Bosch Research Blog | Post by Ralph Lange, 2021-01-14

Ralph Lange talks about how to bring the Robot Operating System (ROS) onto microcontrollers

The Robot Operating System (ROS) is the most important robotics middleware that enables developers to build complex robot applications in less time. So far, for low-level functions such as control, sensor and actuator access running on on-board microcontrollers, a seamless middleware integration was not possible. Micro-ROS, launched by a European research initiative, addresses this point and brings ROS onto microcontrollers. We will describe how in the last months, Bosch Research and its partners developed relevant API features for execution management and runtime configuration, added support for the popular ESP32 microcontroller family, and integrated micro-ROS with two further open-source real-time operating systems, namely FreeRTOS and Zephyr.

What is ROS?

With tens of thousands of users, the Robot Operating System (ROS) is the most important robotics middleware developed in a global open-source endeavor under a permissive license model. ROS provides communication mechanisms and a component model to build up complex robotics systems in a modular architecture. It provides tools for deployment, monitoring, introspection, data visualization and simulation. And it provides base algorithms for almost all aspects of robotics, such as localization, path planning, navigation and motion control.

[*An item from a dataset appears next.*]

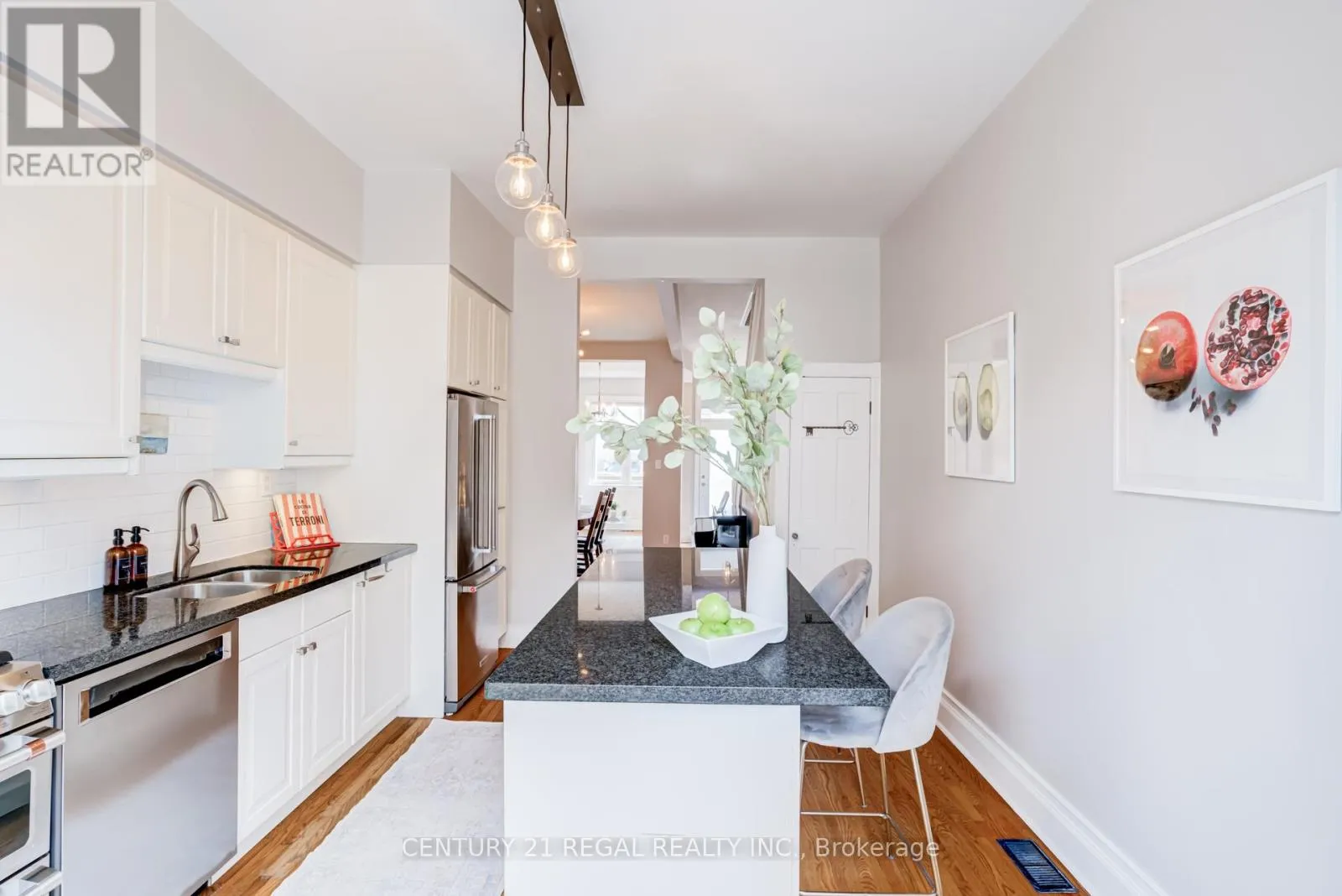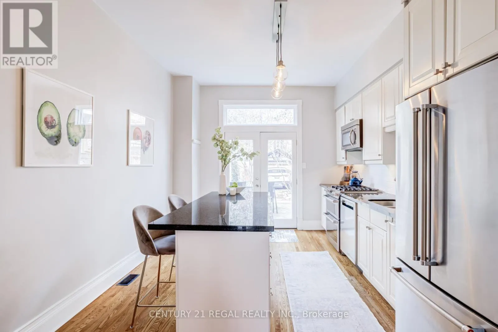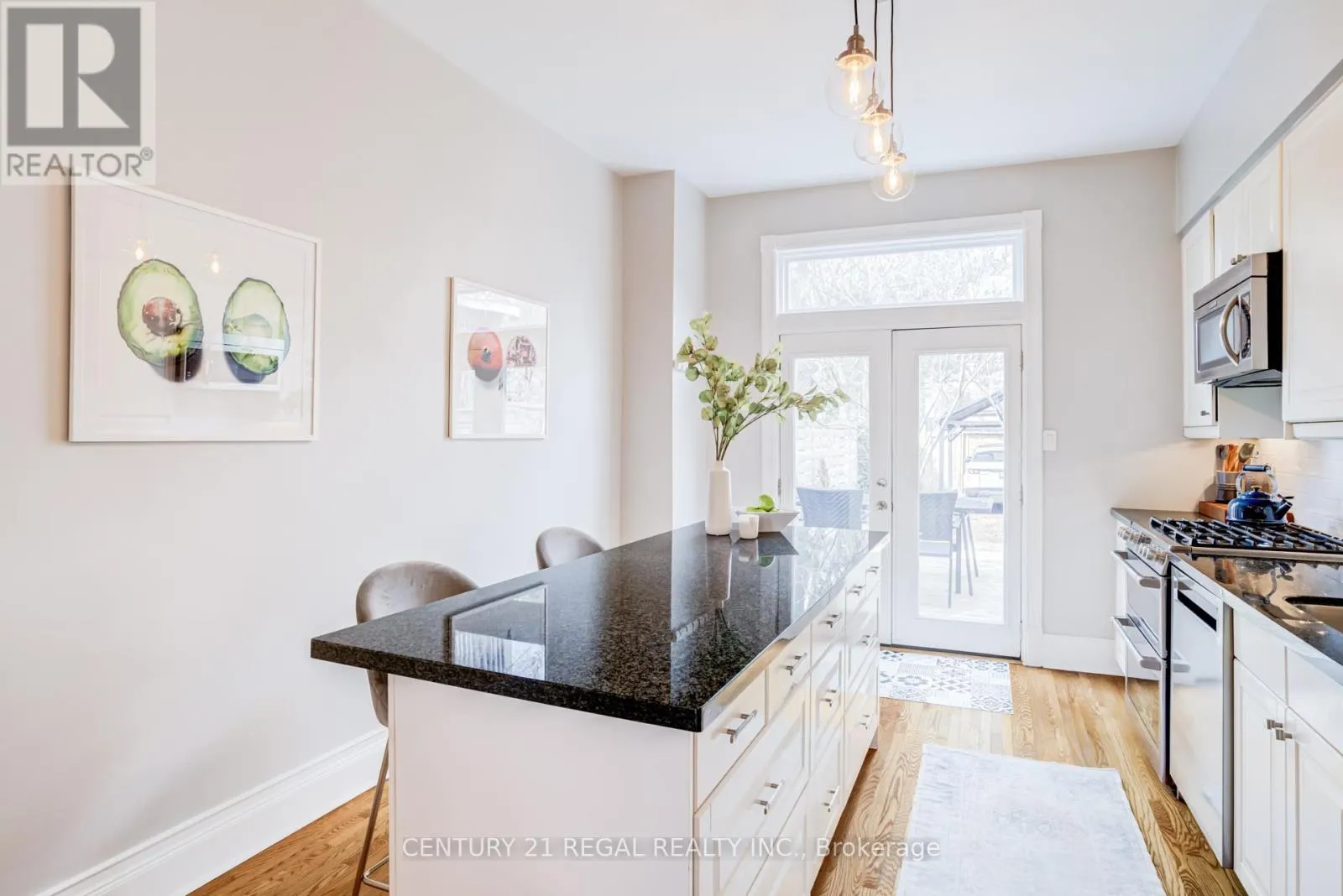 Dundas/Roncesvalles Discover the perfect blend of historic charm and modern luxury at 36 Golden Ave, a thoughtfully reimagined 2-storey, 3-bedroom Victorian hidden in a cul-de-sac within one of Toronto's most beloved neighborhoods. This stunning home offers an ideal entry point for young families or professionals seeking the vibrant, community-focused lifestyle of Roncesvalles. You're steps away from incredible, neighborhood cafes, restaurants, farmers markets, parks, and easy transit access. This classic, red brick beauty features an inviting yet chic exterior with new concrete slab, updated front door and new front windows. Ideal open concept living with tons of natural light, the main floor boasts high ceilings and a spacious layout. The renovated, Chef's kitchen features a fabulous, large, kitchen island with ample storage, timeless granite countertops, updated cabinetry with under-mount lighting, and premium appliances - including a new Cafe gas range with convection, double oven, 6 burners, and integrated griddle. Walk out through classic French doors to a low-maintenance, private backyard with gas line, perfect for fun bbqs all year long, or having a cup of coffee, enjoying the garden during warmer months in your private oasis. Includes coveted laneway access parking. The upper level boasts tranquil bedrooms. The primary bedroom has great storage with new closets and a cozy bay window banquette. The second bedroom offers added convenience with a full-size washer/dryer system. Enjoy your sleek, spa-like second-floor bathroom featuring a custom frameless glass shower, designer wall-mounted rain shower head, separate wand, Carrara-inspired tiles, and built in storage. The finished basement has brand-new flooring, a renovated 4-piece bathroom, and an upgraded underground sewer system with back flow valve/preventor (2023). This turn-key home offers everything you need to live in one of the most sought-after neighborhoods in the city. (id:27476)

All these features facilitate robotics software developers to focus on application-level functionalities and thus on the differentiating part of the software stack. However, the most important characteristic of ROS is the global community. Thousands of robotics software developers – from PhD students to professional developers – are advancing to the middleware functionalities of ROS or provide application-level software components. ROS is backed by a California-based nonprofit public benefit corporation and a technical steering committee with a couple of renowned industrial players including Bosch.

What is micro-ROS?

ROS has been developed for use on microprocessors, assuming several hundred megabytes of RAM at the minimum. This applies to both the classic ROS and the current version named ROS 2. However, robotic systems usually are networks of one or more microprocessors with several microcontrollers. The microcontrollers are used to access sensors and actuators, to implement control functions with hard real-time requirements or to embed safety mechanisms. Obviously, ROS cannot be used directly on a microcontroller that features only a few kilobytes of RAM. Also, the development tools and operating systems for microcontrollers are very different. That is why Bosch Research and three partners collaborate in the EU-funded OFERA project to bridge this gap using micro-ROS.

micro-ROS logo
micro-ROS logo

Major project goals

Seamless integration of microcontrollers with ROS 2

Facilitate portability of ROS 2 code to microcontrollers

Ensure long-term maintenance of micro-ROS stack

Micro-ROS is developed open-source at micro-ros.github.io under the same permissive license model as ROS. At micro-ros.github.io, we provide documentation, tutorials, and links to interact with the constantly growing community.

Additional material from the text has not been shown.